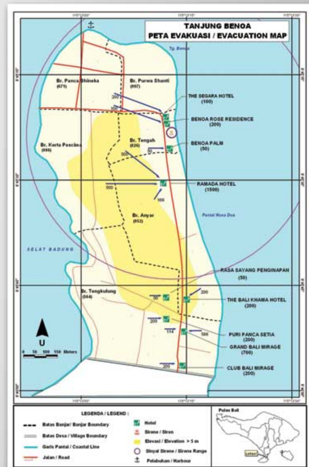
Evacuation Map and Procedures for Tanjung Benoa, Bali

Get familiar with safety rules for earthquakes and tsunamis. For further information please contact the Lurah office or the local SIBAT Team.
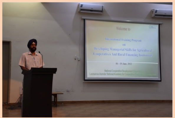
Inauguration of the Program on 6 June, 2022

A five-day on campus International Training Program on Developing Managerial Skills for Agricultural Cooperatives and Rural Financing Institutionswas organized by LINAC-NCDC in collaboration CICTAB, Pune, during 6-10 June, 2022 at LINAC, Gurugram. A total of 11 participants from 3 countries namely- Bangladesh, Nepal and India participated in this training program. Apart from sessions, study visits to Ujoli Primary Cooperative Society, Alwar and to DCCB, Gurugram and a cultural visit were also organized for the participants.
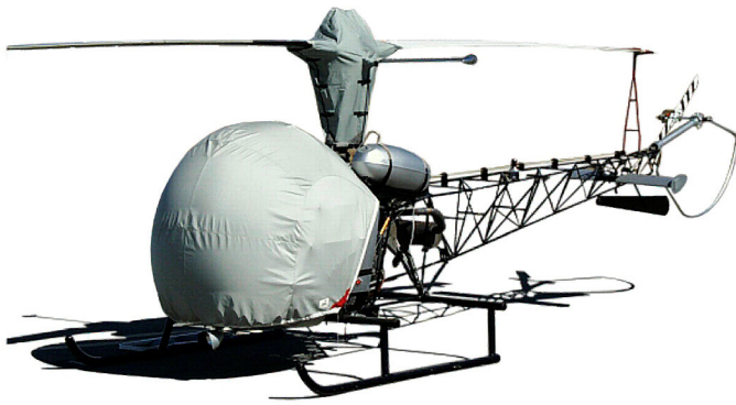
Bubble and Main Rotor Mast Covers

-*-

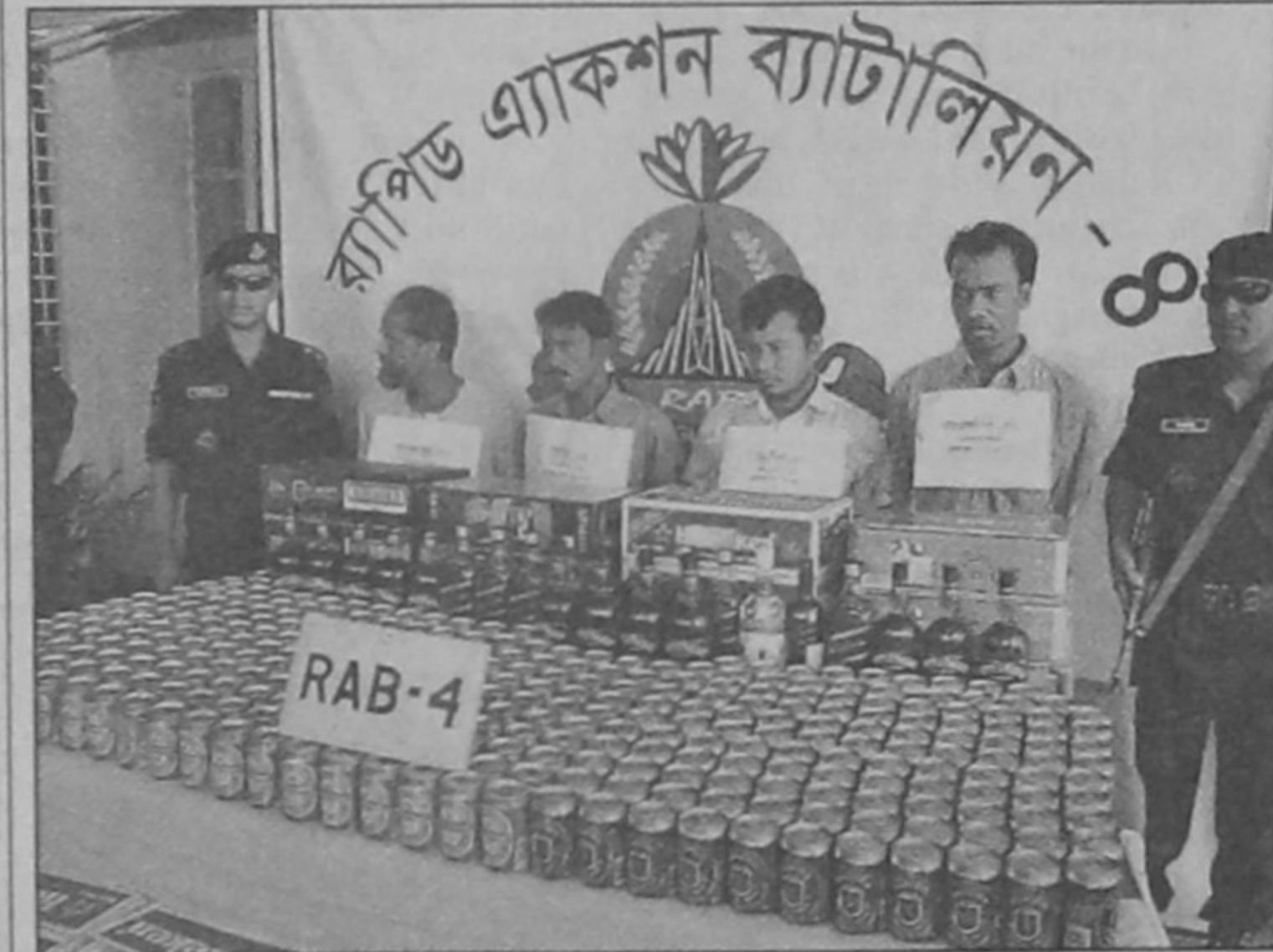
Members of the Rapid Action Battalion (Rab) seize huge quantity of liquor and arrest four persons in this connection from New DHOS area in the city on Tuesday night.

-*-

- _WORK REQUEST_: Give back, exactly and without pictures, the stretch of the records above from the line containing "Inauguration of the Program on 6 June, 2022" through the line containing "Bubble and Main Rotor Mast Covers", with both end lines included.

- _ANSWER TO THIS EXERCISE_:
Inauguration of the Program on 6 June, 2022

A five-day on campus International Training Program on Developing Managerial Skills for Agricultural Cooperatives and Rural Financing Institutionswas organized by LINAC-NCDC in collaboration CICTAB, Pune, during 6-10 June, 2022 at LINAC, Gurugram. A total of 11 participants from 3 countries namely- Bangladesh, Nepal and India participated in this training program. Apart from sessions, study visits to Ujoli Primary Cooperative Society, Alwar and to DCCB, Gurugram and a cultural visit were also organized for the participants.
Bubble and Main Rotor Mast Covers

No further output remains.